Data for review:
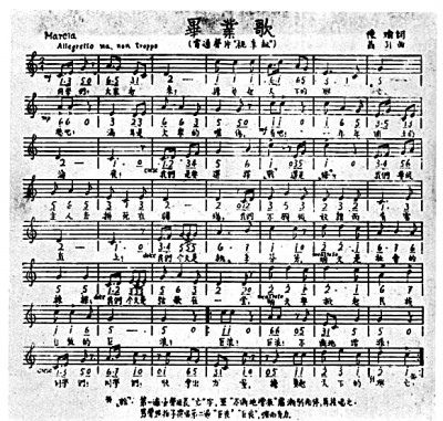 当时,《毕业歌》的创作面临着双重压力:一方面,需在电影配乐中融入强烈的抗日情绪;另一方面,国民党当局对左翼文艺作品的审查日益严厉。田汉在歌词中设计“我们是要选择战还是降”的灵魂拷问,既契合电影中青年觉醒的主题,又以隐喻手法规避国民党审查。聂耳在谱曲时强化了这一质问的力度。为了让旋律更有冲击力,聂耳借鉴了码头工人劳动号子的节奏,以进行曲风格强化紧迫感,尤其是“巨浪,巨浪,不断地增长”的重复段落,以模拟浪潮汹涌的气势,暗喻抗日救亡运动此起彼伏的态势,并将其转化为战斗的号角。
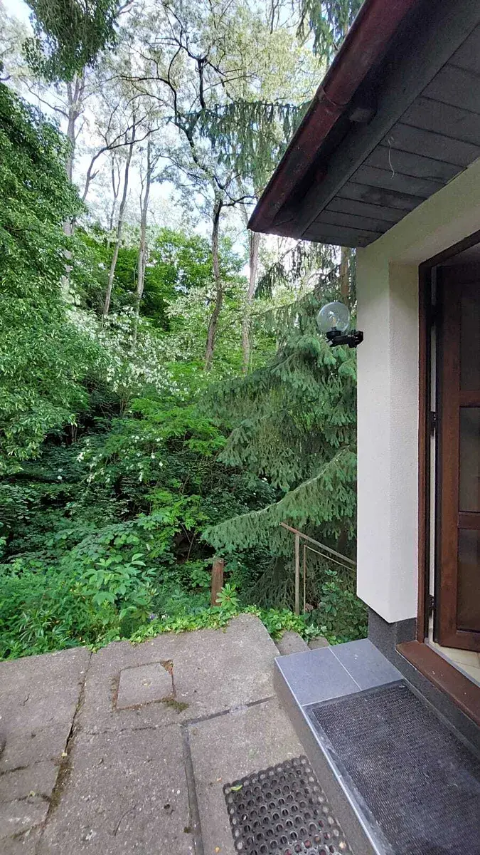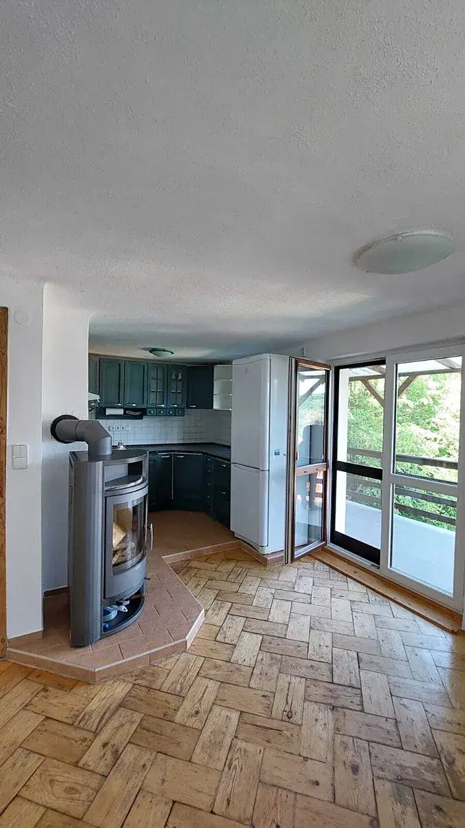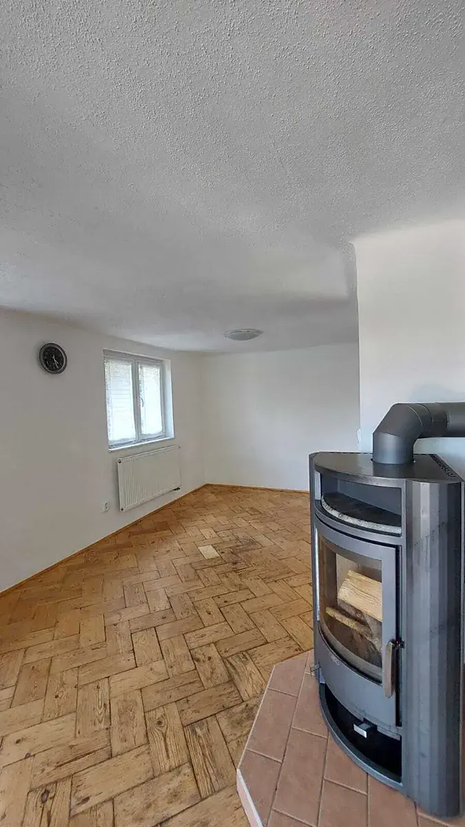 V přízemí najdete prosvětlený obývací pokoj s kuchyňským koutem (vybavená kuchyňská linka , krbová kamna) a zastřešeným balkonem s překrásným výhledem..
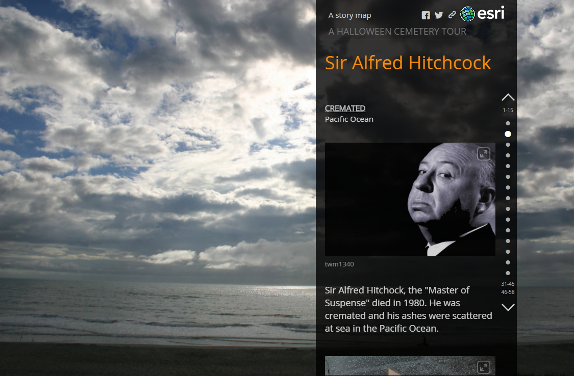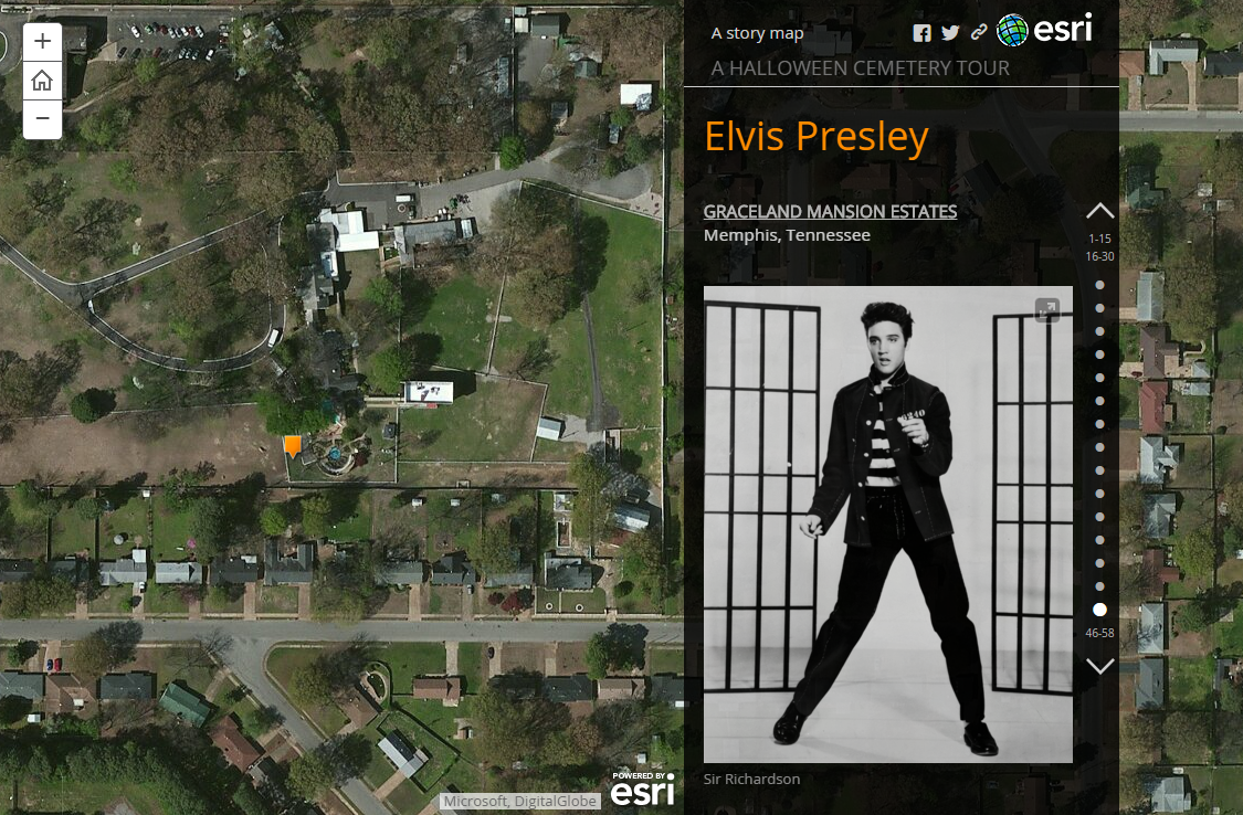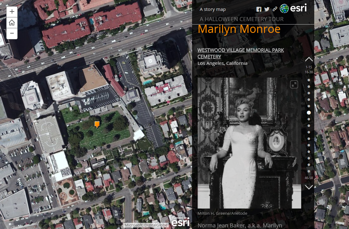 今回はそのような起源のあるハロウィンにちなんで、米国 Esri社が作成したマップをご紹介します。本マップは世界中の著名人や悪名高い犯罪者(!)達のお墓の場所を地図上に示しています。人物については知っていても、お墓の場所まで知っている人は少ないのではないでしょうか。もしかしたら彼らも家族のもとを訪ねに来ているかもしれません…。本マップ上で「ハロウィン 墓地ツアー」をしてみるのはいかがでしょうか。
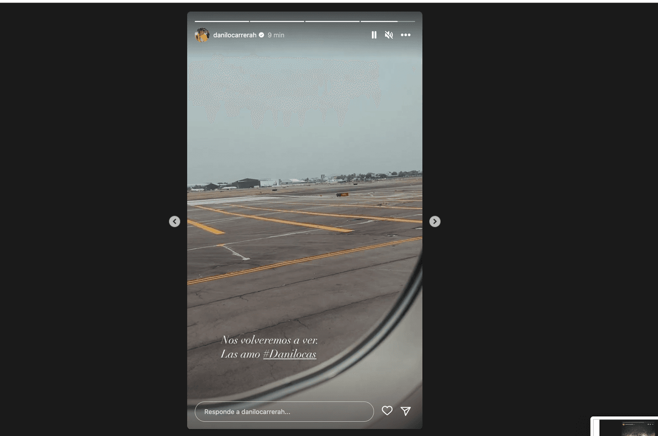 Ese mismo día por la mañana, Danilo publicó otra foto que llenó los ojos de sus seguidores de lágrimas, pues en ésta se percibe al actor dentro de un avión, rumbo a su nueva vida. "Nos volveremos a ver, las amo #danilocas", escribió el actor refiriéndose a sus fans mexicanas, quienes lo han apoyado desde su primera aparición en alguna producción de esta televisora, la cual se dio en la telenovela 'Sin rastro de ti'.
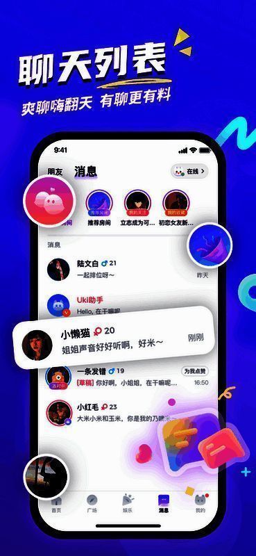 在Uki里,你能结识形形色色有趣的小伙伴。他们当中,有的幽默风趣,几句话就能把你逗得哈哈大笑;有的才华横溢,无论是文学创作、艺术绘画,还是科技前沿话题,都能和你畅聊不停;有的温暖善良,会耐心倾听你的烦恼,给你最贴心的安慰与建议。在这里,你可以自由分享生活中的点点滴滴,无论是开心趣事、烦恼琐事,还是内心深处的梦想与渴望,都能找到愿意倾听的人。
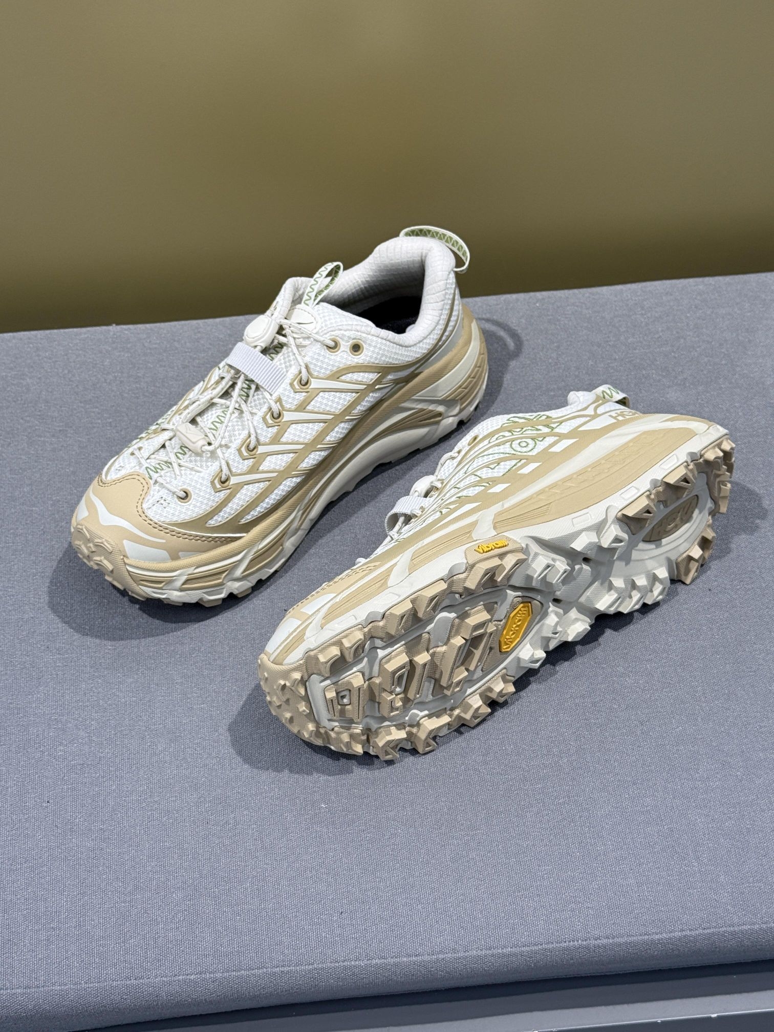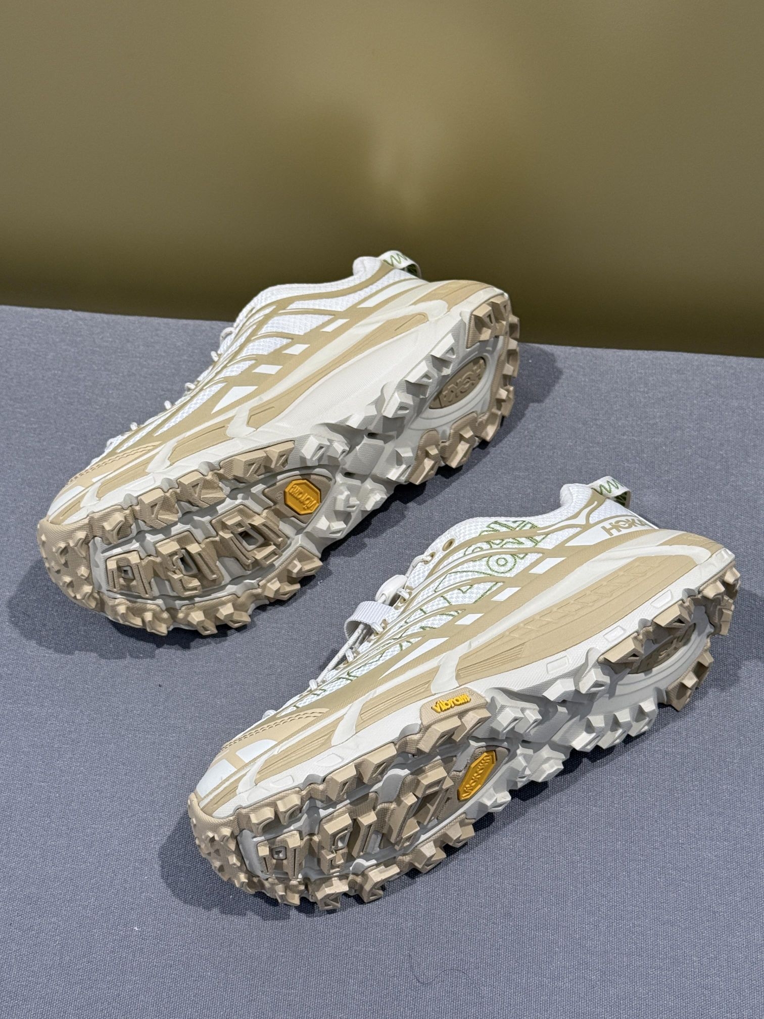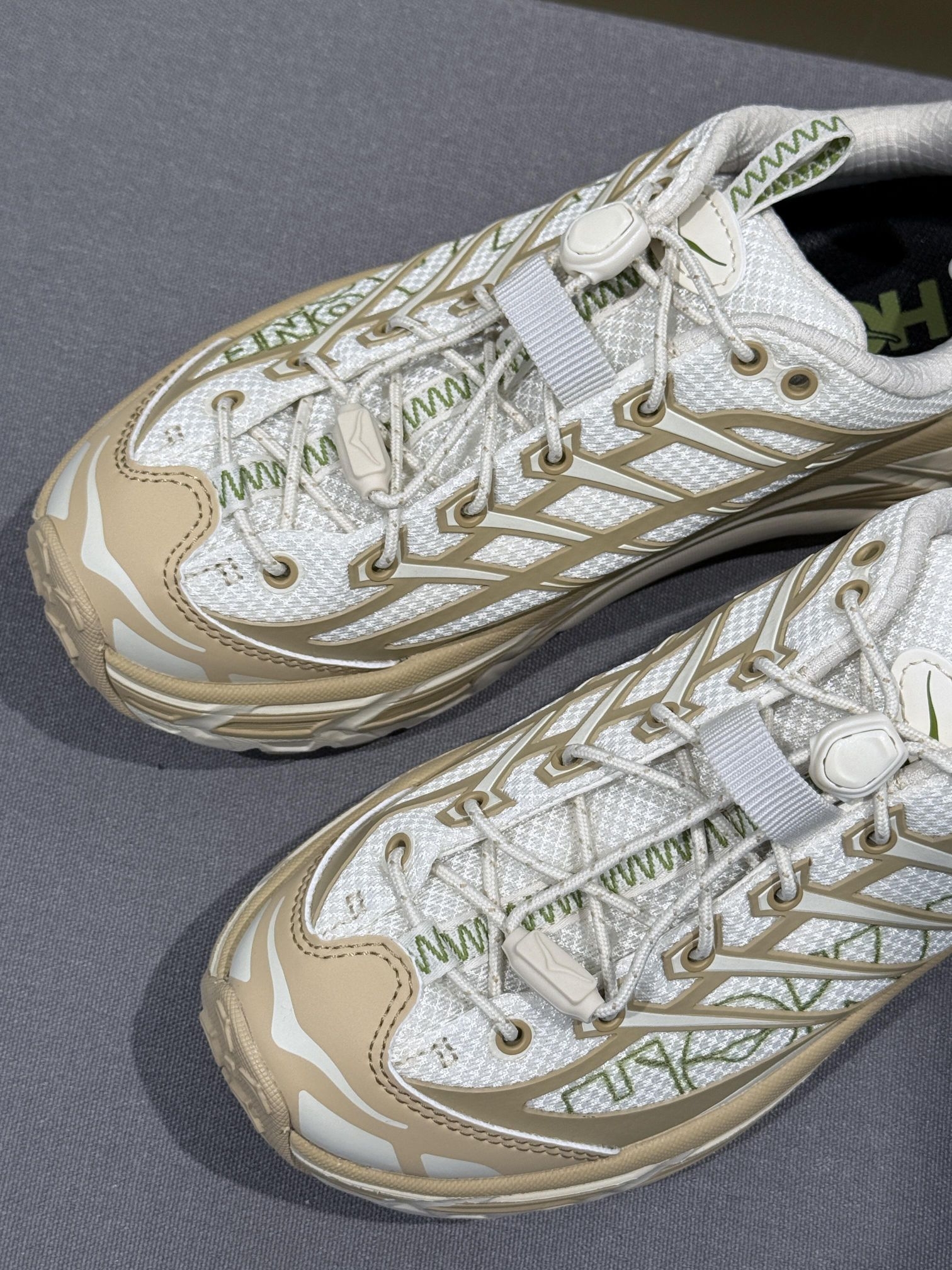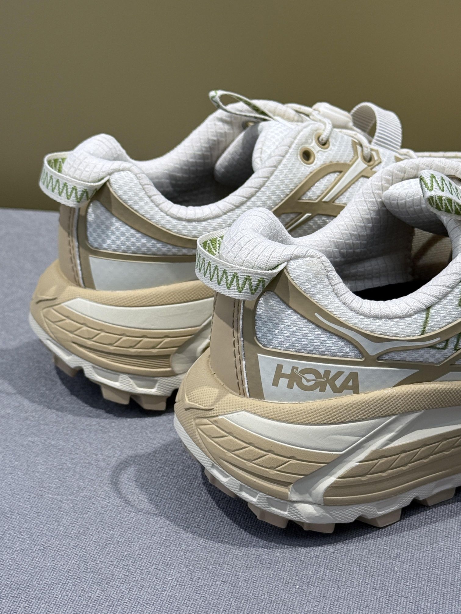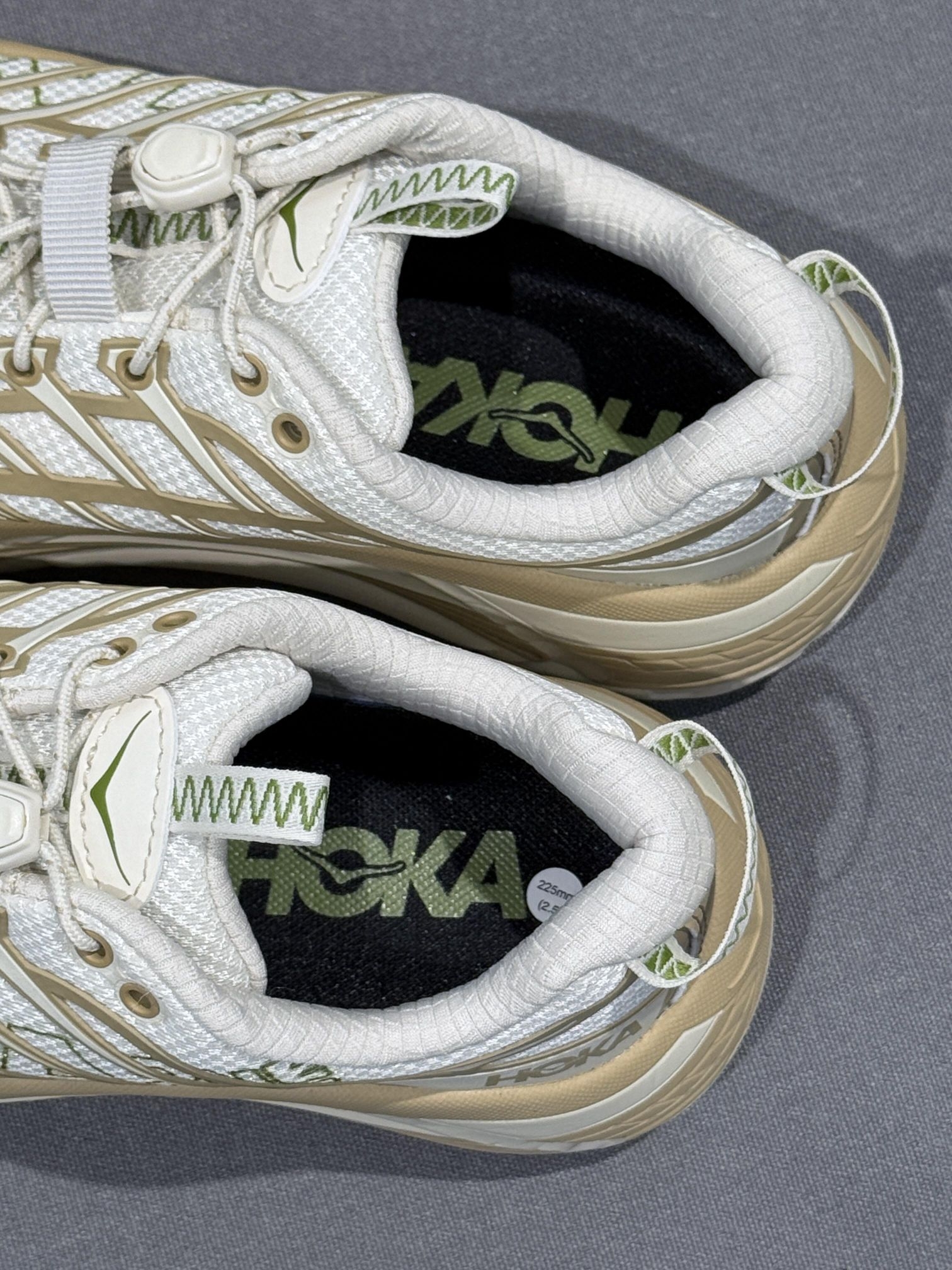 👟 这双鞋是 HOKA Mafate Three 2(玛法特3.2) 它是一双融合了复古越野基因与现代潮流设计的户外休闲鞋,图中这款是白浅卡其绿配色(也叫Wordmark/Grid系列),属于近年很火的“山系机能风”鞋款。

Aim of the task: All of the records need repeating exactly, except for the pictures.

Exercise response:
 当时,《毕业歌》的创作面临着双重压力:一方面,需在电影配乐中融入强烈的抗日情绪;另一方面,国民党当局对左翼文艺作品的审查日益严厉。田汉在歌词中设计“我们是要选择战还是降”的灵魂拷问,既契合电影中青年觉醒的主题,又以隐喻手法规避国民党审查。聂耳在谱曲时强化了这一质问的力度。为了让旋律更有冲击力,聂耳借鉴了码头工人劳动号子的节奏,以进行曲风格强化紧迫感,尤其是“巨浪,巨浪,不断地增长”的重复段落,以模拟浪潮汹涌的气势,暗喻抗日救亡运动此起彼伏的态势,并将其转化为战斗的号角。
 V přízemí najdete prosvětlený obývací pokoj s kuchyňským koutem (vybavená kuchyňská linka , krbová kamna) a zastřešeným balkonem s překrásným výhledem..
 今回はそのような起源のあるハロウィンにちなんで、米国 Esri社が作成したマップをご紹介します。本マップは世界中の著名人や悪名高い犯罪者(!)達のお墓の場所を地図上に示しています。人物については知っていても、お墓の場所まで知っている人は少ないのではないでしょうか。もしかしたら彼らも家族のもとを訪ねに来ているかもしれません…。本マップ上で「ハロウィン 墓地ツアー」をしてみるのはいかがでしょうか。
 Ese mismo día por la mañana, Danilo publicó otra foto que llenó los ojos de sus seguidores de lágrimas, pues en ésta se percibe al actor dentro de un avión, rumbo a su nueva vida. "Nos volveremos a ver, las amo #danilocas", escribió el actor refiriéndose a sus fans mexicanas, quienes lo han apoyado desde su primera aparición en alguna producción de esta televisora, la cual se dio en la telenovela 'Sin rastro de ti'.
 在Uki里,你能结识形形色色有趣的小伙伴。他们当中,有的幽默风趣,几句话就能把你逗得哈哈大笑;有的才华横溢,无论是文学创作、艺术绘画,还是科技前沿话题,都能和你畅聊不停;有的温暖善良,会耐心倾听你的烦恼,给你最贴心的安慰与建议。在这里,你可以自由分享生活中的点点滴滴,无论是开心趣事、烦恼琐事,还是内心深处的梦想与渴望,都能找到愿意倾听的人。
 👟 这双鞋是 HOKA Mafate Three 2(玛法特3.2) 它是一双融合了复古越野基因与现代潮流设计的户外休闲鞋,图中这款是白浅卡其绿配色(也叫Wordmark/Grid系列),属于近年很火的“山系机能风”鞋款。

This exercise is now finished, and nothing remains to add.